§ **PROBLEM**: No pictures, please. Copy exactly the lines from the one with "Nunmehro Predigern der" through the final line below.

§ **DATASET CONTENT**:

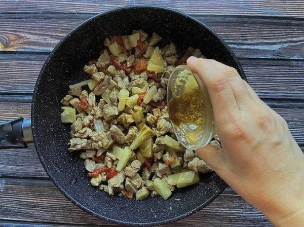 Шаг 9. Обжаренные ингредиенты залить соевым соусом и добавить по вкусу острый перец.
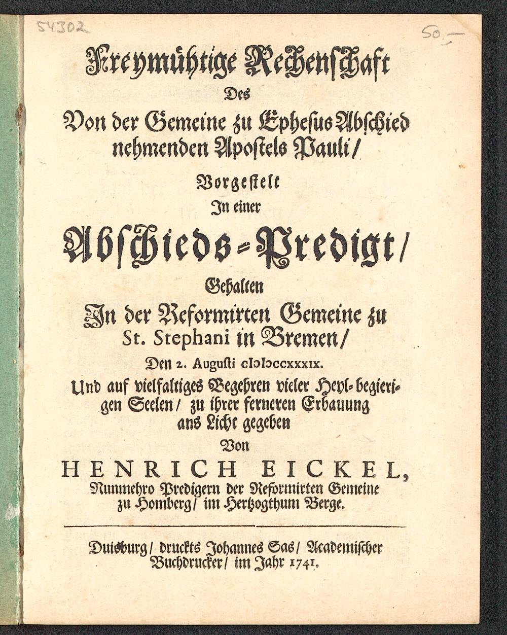 Nunmehro Predigern der Neformirten Gemeinezu Homderg/ im Hertzogthum Berge.
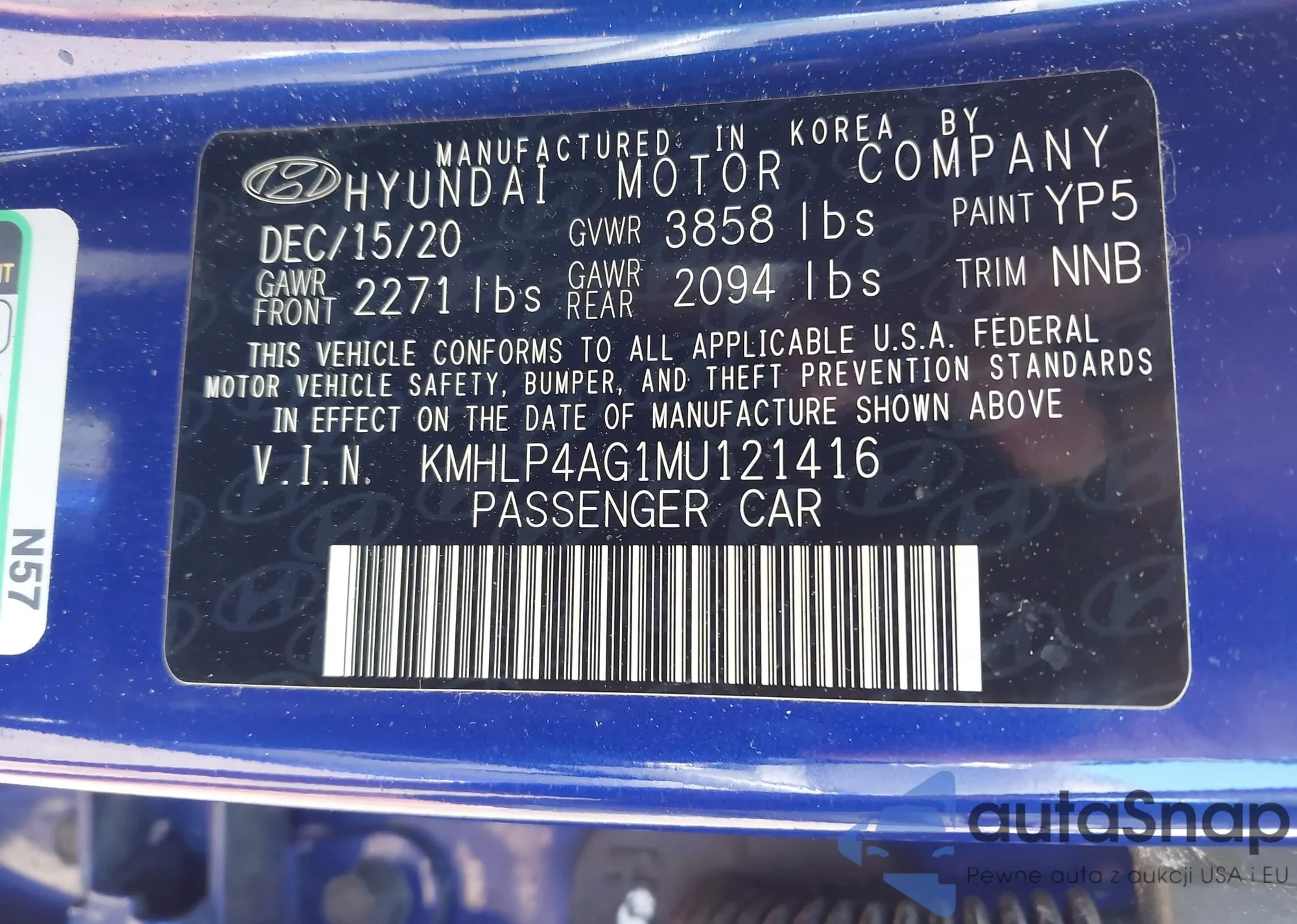 • VIN KMHLP4AG1MU121416

§ **ANSWER TO THIS EXERCISE**:
 Nunmehro Predigern der Neformirten Gemeinezu Homderg/ im Hertzogthum Berge.
 • VIN KMHLP4AG1MU121416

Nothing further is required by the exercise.